Выдающийся мыслитель русского зарубежья Иван Лукьянович Солоневич провел такое сравнение, касающееся XVII–XVIII веков, но, думаю, во многом актуальное и позднее: «На западе больше уделяли внимание постройке мостовых. Московская Русь больше строила бань. На Западе увлекались красивыми камзолами и туфлями с затейливыми пряжками, русские же стремились к тому, чтобы под простыми кафтанами у них было чистое тело… На Руси ни в Царских палатах, ни в Боярской Думе, ни в боярских и дворянских домах на стол не ставили блюдец для давления вшей. На западе это было заведено. Модно разодетые западные вельможи и дамы могли прилюдно отправлять свои естественные надобности в коридорах роскошного Версальского дворца. А на Руси такого никогда не было».

Русь заразилась западничеством со времен Петра I, а как признал европейский историк Арнольд Тойнби:

«Западный мир, куда прибыл Петр I, был уже безрелигиозный мир».

Западничество вовсе не объединяло, а разъединяло русских людей. Обезьянничали на западный лад, да и теперь обезьянничают лишь худшие представители русского народа, но создается впечатление всеобщего западничества именно потому, что они, эти худшие представители, всегда на виду, благодаря своей западнической невоспитанности, невоздержанности, хамству и наглости даже в мелочах.

Задумайтесь, какие эмоции вызывает у вас вваливающаяся в помещение, или в вагон, или громко топающая по коридору, скажем, дома отдыха, галдящая ватага. Говорят в полный голос, даже орут, перебивая друг друга, презирая чувства и нравы окружающих людей. Как правило, это «зарубежные гости», «просвещенные европейцы». Правда, и среди наших, с позволения сказать, соотечественников появляются такие, но их все-таки мало и их можно отнести к ново-, а точнее, псевдорусским.

Эта наглая иноземщина никогда не пользовалась любовью в России, и поэтому император Петр III, который в глазах народа стал ярким представителем этой бесноватой категории, не мог удержаться на троне и противостоять Екатерине Алексеевне, показавшей себя к тому времени русской по делам.

«Всех иноземцев перерезать…»

Между тем в столице было не все гладко. А. Г. Брикнер так оценил обстановку: «Государственный переворот отчасти имел характер военного бунта. При той важной роли, которую играли в нем гвардейцы, нельзя было ожидать, чтобы дело обошлось без насилия. Оказалось, что новое правительство не без труда сдерживало в солдатах порывы страсти и ненависти к иностранцам.
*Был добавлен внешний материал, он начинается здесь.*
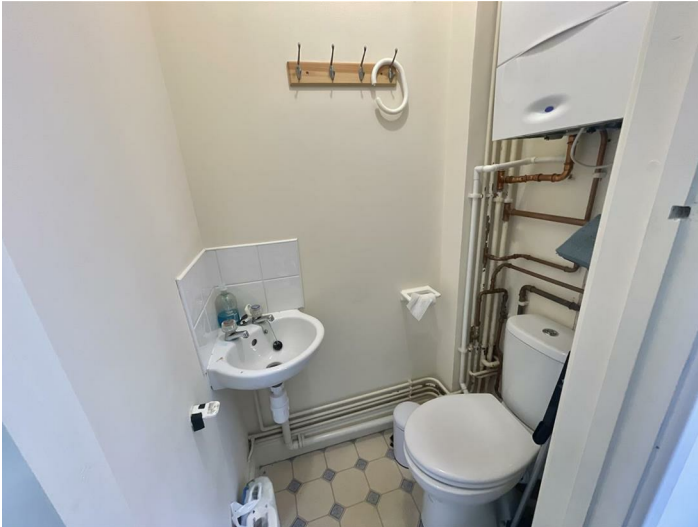
With wc, wash hand basin and housing the Gas Fired Central Heating combi boiler.

Позье рассказывает, что утром 29 июня он видел в Петербурге двух англичан, которых преследовали солдаты с обнаженными саблями, и что он спас их тем, что спрятал в своем доме. „Я сам слышал, – пишет Позье, – как солдаты говорили между собой, что всех иноземцев надо перерезать“.»

Недаром Екатерина, как только началось действие, просила своего дядю, принца Георга, оставаться дома, опасаясь за него. К нему явились несколько человек солдат, которые оскорбили его и разграбили его дом. Рассказывая об этом, Позье замечает: «Ни один иностранец не смел показаться на улице, и, если бы я не был знаком с большей частью офицеров, я бы не рискнул выйти на улицу».
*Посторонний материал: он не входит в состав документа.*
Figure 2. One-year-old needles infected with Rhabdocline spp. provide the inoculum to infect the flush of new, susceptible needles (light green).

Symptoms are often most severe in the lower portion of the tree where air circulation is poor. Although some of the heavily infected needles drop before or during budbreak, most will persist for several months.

А вот что вспоминал Гавриил Романович Державин:

«День (30 июня) был самый красный, жаркий; кабаки, погреба и трактиры для солдат растворены: пошел пир на весь мир; солдаты и солдатки, в неистовом восторге и радости носили ушатами вино, водку, пиво, мед, шампанское и всякие другие дорогие вина и лили все вместе, без всякого разбору, в кадки и бочонки, что у кого случилось. В полночь на другой день с пьянства Измайловский полк, обуяв от гордости и мечтательного своего превозношения, что Императрица в него приехала и прежде других им препровождаема была в Зимний дворец, собравшись без сведения командующих, приступив к дворцу, требовал, чтоб Императрица к нему вышла и уверила его персонально, что она здорова; ибо солдаты говорили, что дошел до них слух, что она увезена хитростью прусским королем, которого имя всему российскому народу было ненавистно.
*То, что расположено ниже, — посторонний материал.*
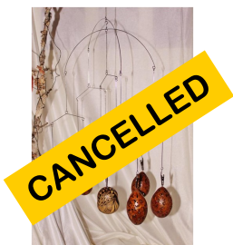
Class SU-1A $55 9 AM – 3 PM Zenmobile Clara Willibey Skill level - All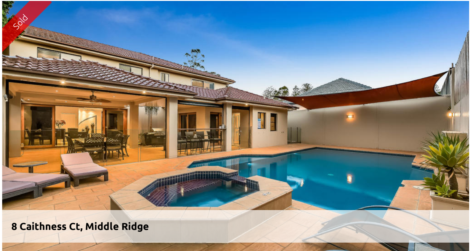
8 Caithness Ct, Middle Ridge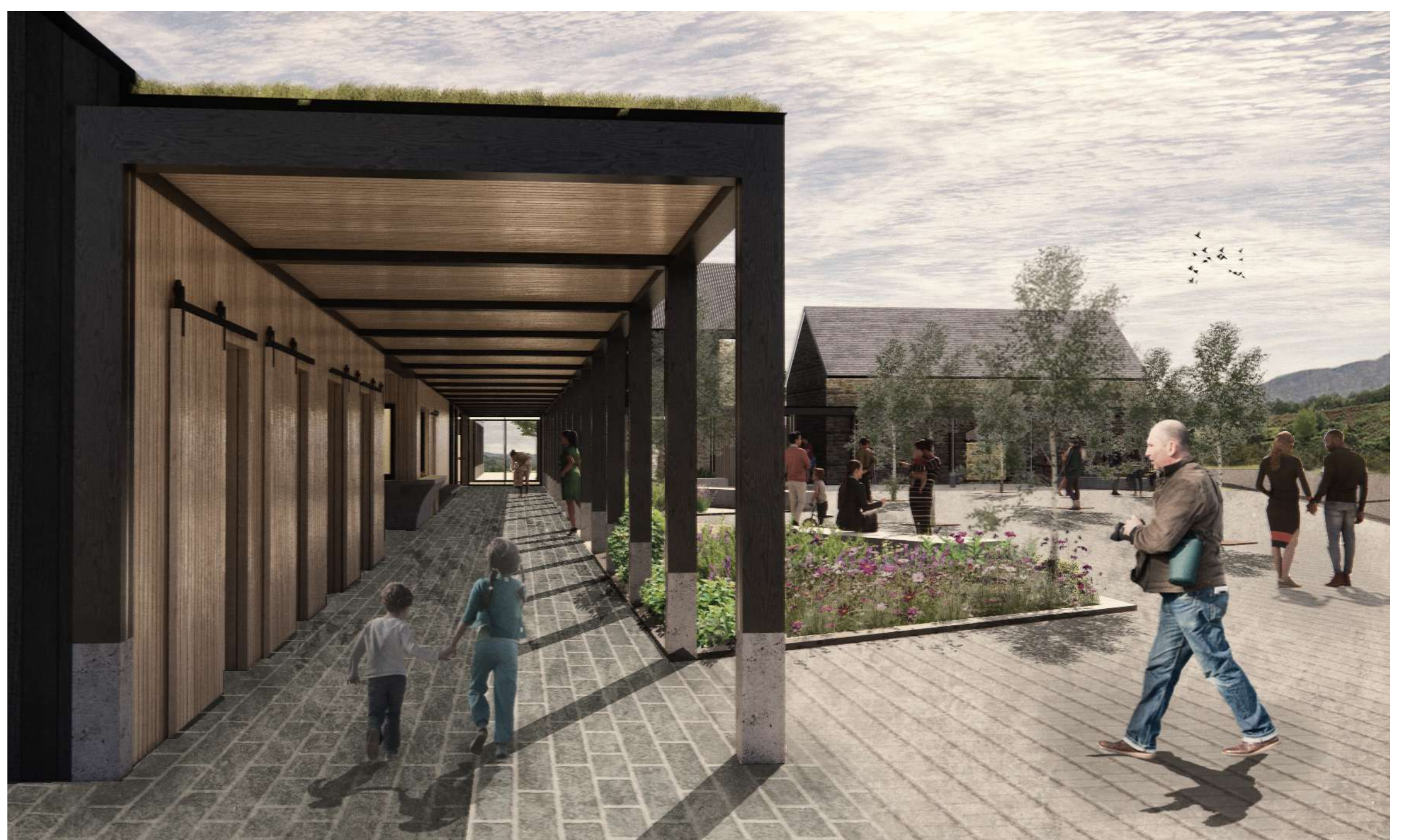
View along the colonnade that forms the edge of the public square

The hub and accommodation is linked by a covered colonnade providing shelter and areas to collect, with integrated local and visitor information telling the story of Pontneddfechan and the Waterfall Country.

Их уверяли дежурные придворные, Иван Иванович Шувалов и подполковник граф Разумовский, а также и господа Орловы, что Государыня почивает и, слава Богу, в вожделенном здравии; но они не верили и непременно желали, чтоб она им показалась. Государыня принуждена встать, одеться в гвардейский мундир и проводить их до полка. Поутру издан был манифест, в котором, хотя с одной стороны похвалено было их усердие, но с другой напоминалась им воинская дисциплина и чтоб не верили они разсеиваемым злонамеренными людьми мятежничьим слухам, которыми хотят возмутить их и общее спокойствие; в противном случае впредь за непослушание они своим начальникам и всякую подобную дерзость наказаны будут по законам.

За всем тем с того самого дня приумножены пикеты, которые во многом числе с заряженными пушками и с зажженными фитилями по всем мостам, площадям и перекресткам расставлены были.

В таковом военном положении находился Петербург, а особливо вокруг дворца, в котором Государыня пребывание свое имела дней восемь, то есть по самую кончину императора».

Россия, веками не знавшая пьянства, Россия, веками обращенная к Богу и помнившая о Боге как Высшем Судие, Россия, в которой еще при Алексее Михайловиче за пьянство и курение можно было лишиться головы, вдруг сразу усилиями Петра I и его преемников была приобщена к безбожным увлечениям – курению и пьянству – и заметно отодвинута от заповедей Божьих. Такая Россия действительно становилась страшной, ибо страшно любое сообщество людей, лишенное Страха Божьего и приобщенное к алкоголю. Страх перед властью остается страхом временным, поскольку любая власть, кроме Божьей Власти, не вечна и не прочна.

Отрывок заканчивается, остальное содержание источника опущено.